Records contained in a dataset
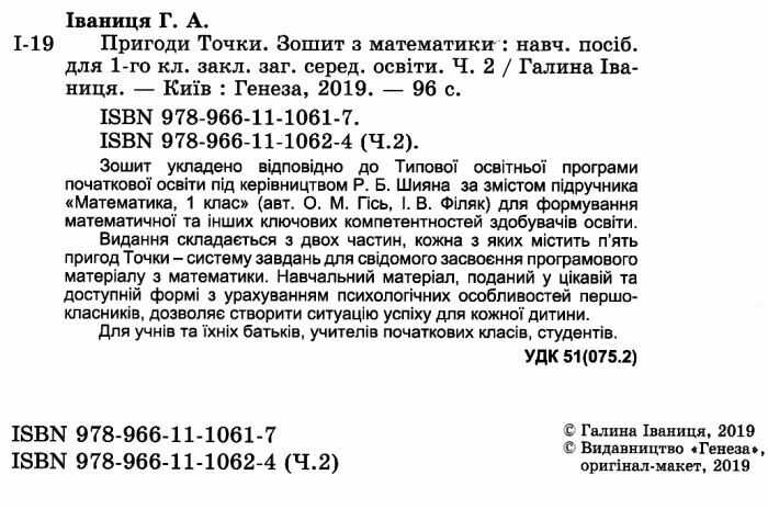 НУШ Робочий зошит Пригоди точки Математика 1 клас До підручника Гісь Частина 2 Іваниця Г. Генеза
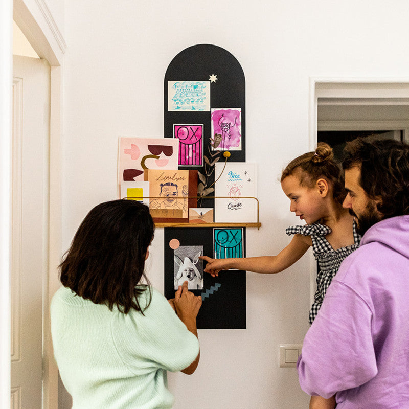 Magnetic self-adhesive wall wallpaper in the shape of an arch. Narrow so that it can be placed on surfaces of limited width, it can give a different tone to the space. At the same time, it is suitable for using it to hang and easily find notes.
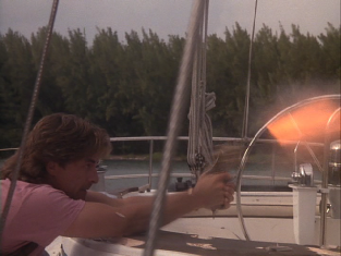 Next we cut to the boat. This was filmed on location in No Name Harbor on Key Biscayne.
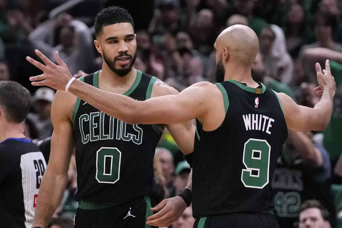 Boston Celtics forward Jayson Tatum (0) celebrates with teammate Derrick White while leading the Orlando Magic during the second half in Game 5 of a first-round NBA playoff basketball series, Tuesday, April 29, 2025, in Boston. (AP Photo/Charles Krupa)
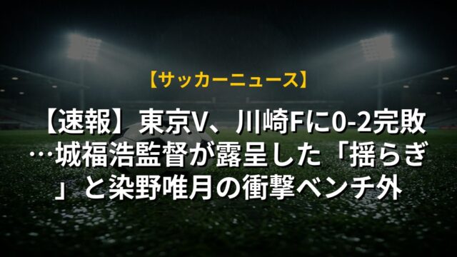 【速報】東京V、川崎Fに0-2完敗…城福浩監督が露呈した「揺らぎ」と染野唯月の衝撃ベンチ外
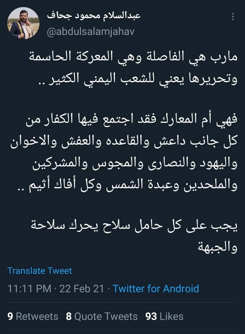 وفي تغريدة له قبل أن يحذفها نشر القيادي الحوثي عبدالسلام محمود جحاف ممثل الحوثيين في مؤتمر الحوار الوطني تغريدة قال فيها إنه في مأرب اجتمع فيها الكفار من كل جانب داعش والقاعده والعفش والاخوان، واليهود والنصارى والمجوس والمشركين والملحدين وعبدة الشمس وكل أفاك أثيم".
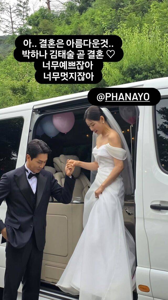 배우 문지인은 "아 결혼은 아름다운 것. 박하나 김태술 곧 결혼♡ 너무 예쁘잖아. 너무 멋지잖아"라며 드레스를 입고 차에서 내리는 박하나와 그녀를 에스코트 하는 김태술을 모습을 담은 사진을 공개했다. 이후 "비주얼 부부♡"라며 야외 결혼식장에 입장하는 두 사람을 공개했다.
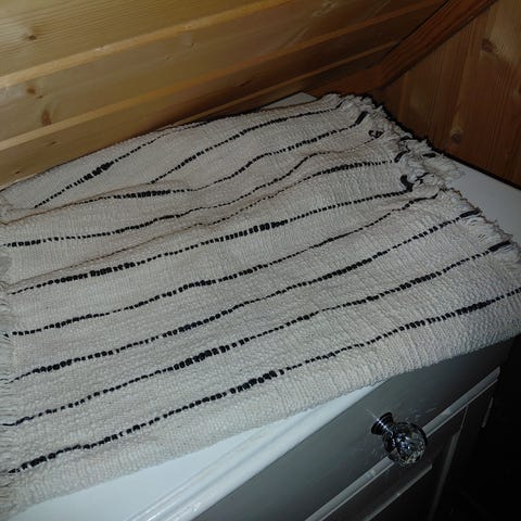 Løper med blå kant i midten gult og lysegrå overgang. 100% cotton. Designed i Sverige. Kan vaskes ved 40 grader.
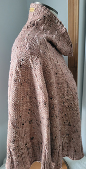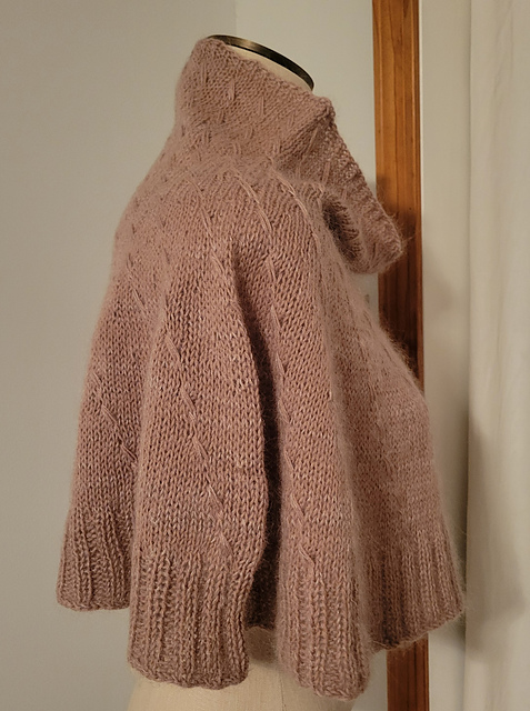 Revolving is a top-down, in the round, capelet pattern that comes in 9 chest sizes (24-30 in/60-75 cm to 72-78 in/180-195 cm) and 3 lengths. It is designed to be a cozy top layer - great for gifting because the ease is generous and no special fitting is needed. Knit in a DK-weight yarn (or fingering + mohair, or fingering held double/marled), this capelet features basic increases in a spiraling pattern for visual interest and to break up the knitting. It features increases made from both "dip" and make-one stitches.
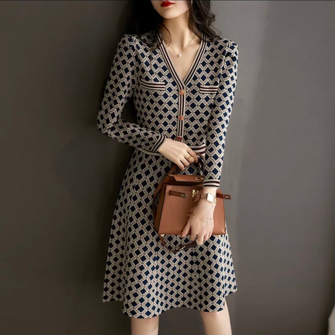 Vネックデザインワンピース

== Problem to solve ==
Repeat exactly the lines from the one containing "Next we cut" to the last line of the data above, both included, and write no pictures into the copy.

== Written answer ==
 Next we cut to the boat. This was filmed on location in No Name Harbor on Key Biscayne.
 Boston Celtics forward Jayson Tatum (0) celebrates with teammate Derrick White while leading the Orlando Magic during the second half in Game 5 of a first-round NBA playoff basketball series, Tuesday, April 29, 2025, in Boston. (AP Photo/Charles Krupa)
 【速報】東京V、川崎Fに0-2完敗…城福浩監督が露呈した「揺らぎ」と染野唯月の衝撃ベンチ外
 وفي تغريدة له قبل أن يحذفها نشر القيادي الحوثي عبدالسلام محمود جحاف ممثل الحوثيين في مؤتمر الحوار الوطني تغريدة قال فيها إنه في مأرب اجتمع فيها الكفار من كل جانب داعش والقاعده والعفش والاخوان، واليهود والنصارى والمجوس والمشركين والملحدين وعبدة الشمس وكل أفاك أثيم".
 배우 문지인은 "아 결혼은 아름다운 것. 박하나 김태술 곧 결혼♡ 너무 예쁘잖아. 너무 멋지잖아"라며 드레스를 입고 차에서 내리는 박하나와 그녀를 에스코트 하는 김태술을 모습을 담은 사진을 공개했다. 이후 "비주얼 부부♡"라며 야외 결혼식장에 입장하는 두 사람을 공개했다.
 Løper med blå kant i midten gult og lysegrå overgang. 100% cotton. Designed i Sverige. Kan vaskes ved 40 grader.
 Revolving is a top-down, in the round, capelet pattern that comes in 9 chest sizes (24-30 in/60-75 cm to 72-78 in/180-195 cm) and 3 lengths. It is designed to be a cozy top layer - great for gifting because the ease is generous and no special fitting is needed. Knit in a DK-weight yarn (or fingering + mohair, or fingering held double/marled), this capelet features basic increases in a spiraling pattern for visual interest and to break up the knitting. It features increases made from both "dip" and make-one stitches.
 Vネックデザインワンピース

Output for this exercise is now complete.